Cuando me repuse de la impresión, volví a guardar en la carpeta el sello y el pergamino, verdaderamente estupefacto, lo devolví y no sé cómo ni por dónde, regresé con mis amigos, que ya me esperaban impacientes. Entonces eché verdaderamente de menos al doctor Duarte, que me habría recordado los ladinos señuelos del Destino con el fin de conseguir sus objetivos para que un matrimonio por poderes pudiera consumarse cinco siglos después. Encelados con el sello, nunca dimos, erróneamente, ninguna importancia al contenido del documento, que era, por lo visto, la clave de todo. Y no podré saber — ni yo ni nadie — quiénes eran los contrayentes que en él se citan porque sus nombres aparecen raspados, pero tampoco hace ninguna falta. Comoquiera que se llamase en el siglo quince, yo sé perfectamente quién era la novia. Y atónito como estaba, no se me ocurrió nada que lograra explicarme tal cosa.

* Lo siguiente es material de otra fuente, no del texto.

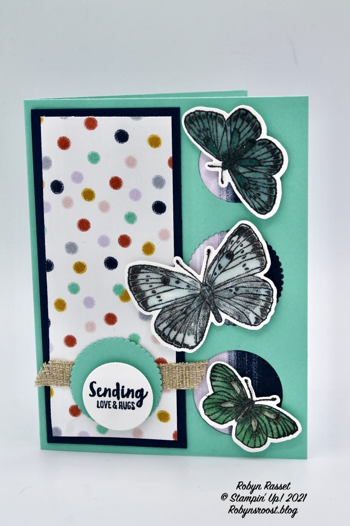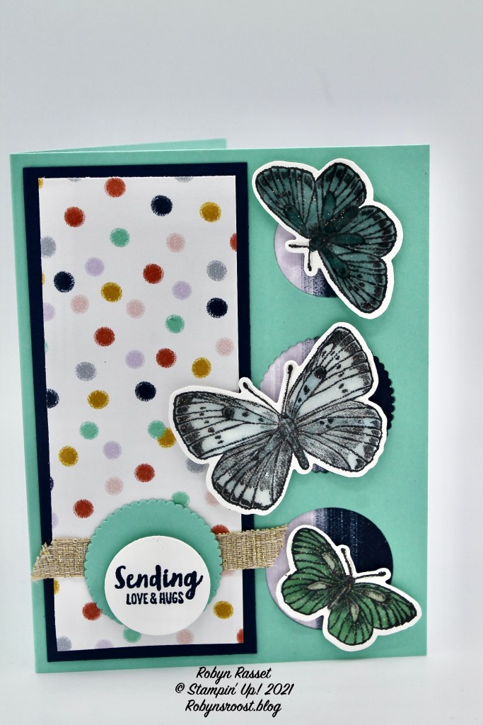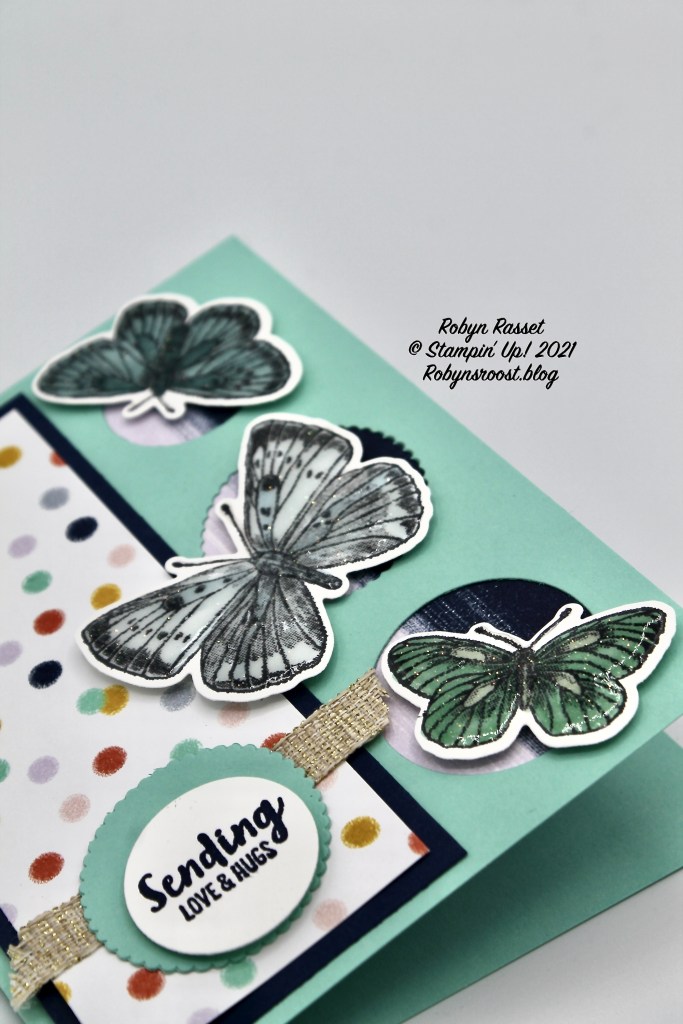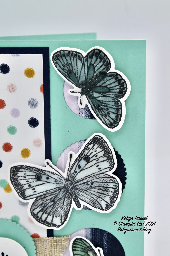 The butterflies were colored with Stampin’ Blends in various blues and greens and then Shimmery Crystal Effects were applied over the top. Tip: Have patience and leave them set until they are completely dry.

Miento; algo sí se me ocurrió: Pensé en lo imposible que habría sido para mí — como lo fue, al cabo —, haber vencido en el tramposo juego del amor cuando uno nace quinientos años tarde, el lance tiene lugar en Irlanda (donde los espectros gozan de tanto prestigio), y tiene por rival a uno de ellos.
Aunque fuese un fantasma tan flacucho.